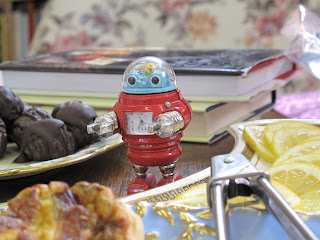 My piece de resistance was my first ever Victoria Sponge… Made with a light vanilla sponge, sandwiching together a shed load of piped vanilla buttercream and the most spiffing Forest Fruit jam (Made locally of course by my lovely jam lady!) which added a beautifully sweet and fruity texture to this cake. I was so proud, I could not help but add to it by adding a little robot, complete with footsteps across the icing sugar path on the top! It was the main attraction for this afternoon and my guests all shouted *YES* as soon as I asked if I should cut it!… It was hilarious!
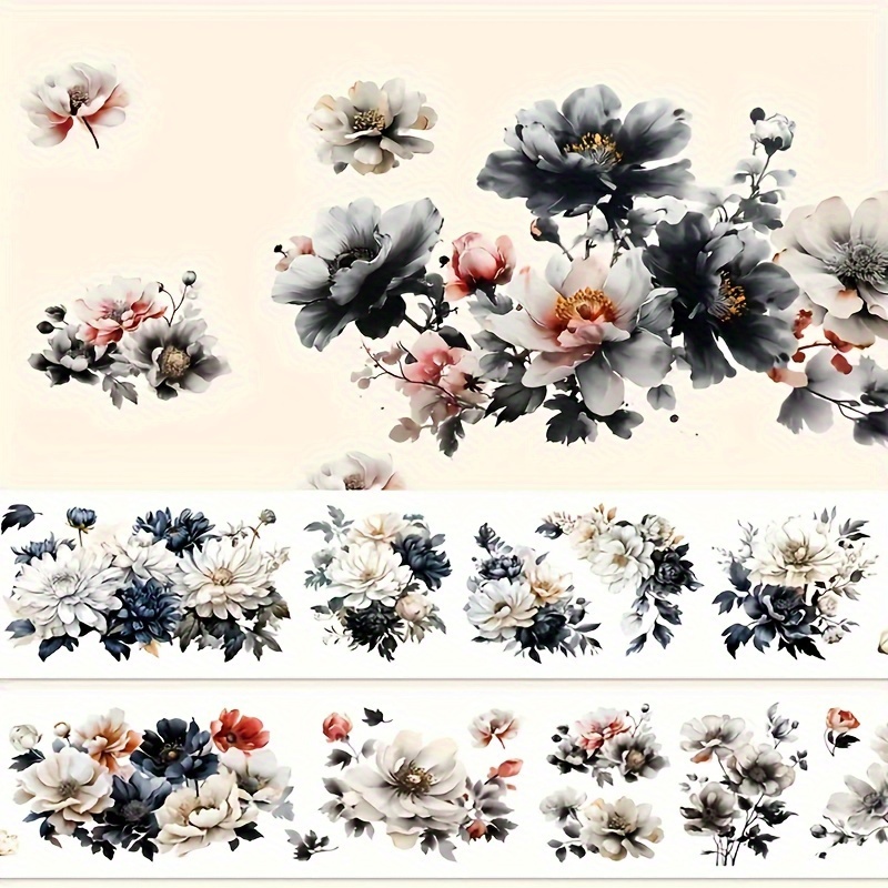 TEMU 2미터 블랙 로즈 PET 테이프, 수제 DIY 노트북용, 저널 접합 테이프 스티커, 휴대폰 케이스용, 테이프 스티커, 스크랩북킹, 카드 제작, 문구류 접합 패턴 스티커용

____

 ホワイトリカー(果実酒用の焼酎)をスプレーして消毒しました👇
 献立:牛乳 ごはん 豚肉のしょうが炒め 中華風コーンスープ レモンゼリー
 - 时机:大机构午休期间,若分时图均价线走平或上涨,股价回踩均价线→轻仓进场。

____

Description of the task
Your task for the entries above: copy exactly the span starting with the line with "ホワイトリカー(果実酒用の焼酎)をスプレーして消毒しました👇" and going on through the line with "- 时机:大机构午休期间,若分时图均价线走平或上涨,股价回踩均价线→轻仓进场。", both lines included, and nothing else.

Response below
 ホワイトリカー(果実酒用の焼酎)をスプレーして消毒しました👇
 献立:牛乳 ごはん 豚肉のしょうが炒め 中華風コーンスープ レモンゼリー
 - 时机:大机构午休期间,若分时图均价线走平或上涨,股价回踩均价线→轻仓进场。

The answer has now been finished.